Note: The problem described here has already been solved with libraries such as Lingua::EN::FindNumber and Lingua::EN::Words2Nums. For production software, I’d recommend you look at using those modules instead of re-inventing the wheel. This article is only intended for those interested in learning how this type of parsing works.

In a project I was recently working on, there was a need to perform named entity recognition on natural language text fields in order to convert natural language numbers in the field, such as “two hundred and thirteen”, into their numerical values (e.g. 213). Google does a great job of this; for example, try out this search to convert a string to a number, and the reverse. In this post, I’ll discuss how this conversion functionality can be achieved with the nifty Perl recursive descent parser generator Parser::RecDescent.

The parsing is a two-step process.
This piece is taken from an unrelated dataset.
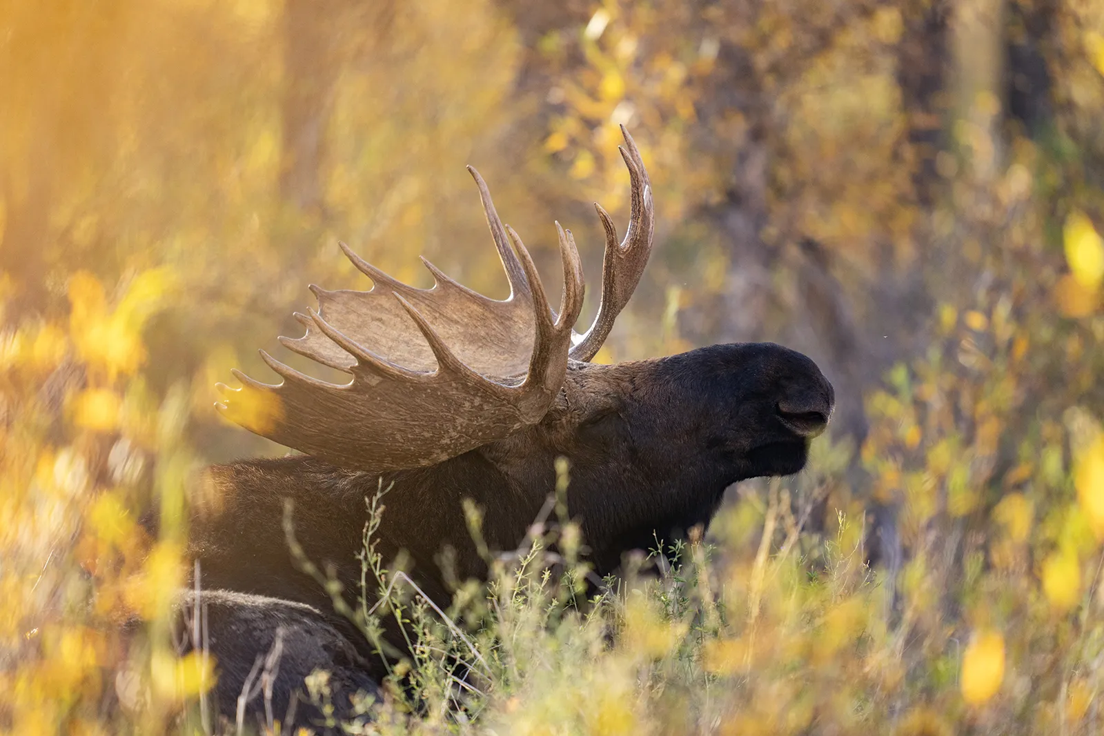 A bull moose calls out to a nearby cow and calf as he sits beside a river in early morning light inside the Grand Tetons National Park.

First, each of the number words need to be matched and their values looked up in a dictionary. For example, the word “two” needs to be matched and recognised as “2”, “hundred” as “100” and “thirteen” as “13”. In parsing parlance, this step is known as lexical analysis. Second, we need to calculate the total number that the entire sentence represents by accumulating all of the matched values. This is known as syntactic analysis.

Consider the following input string:

“two hundred and seven million thirteen thousand two hundred and ninety eight”

The first step is to tokenise the string and remove the word “and” anywhere it appears. (Breaking a number up with the word “and” is a British English convention; American English usually omits the instances of “and”.) We then end up with the following list of token values:

“two”, “hundred”, “seven”, “million”, “thirteen”, “thousand”, “two”, “hundred”, “ninety”, “eight”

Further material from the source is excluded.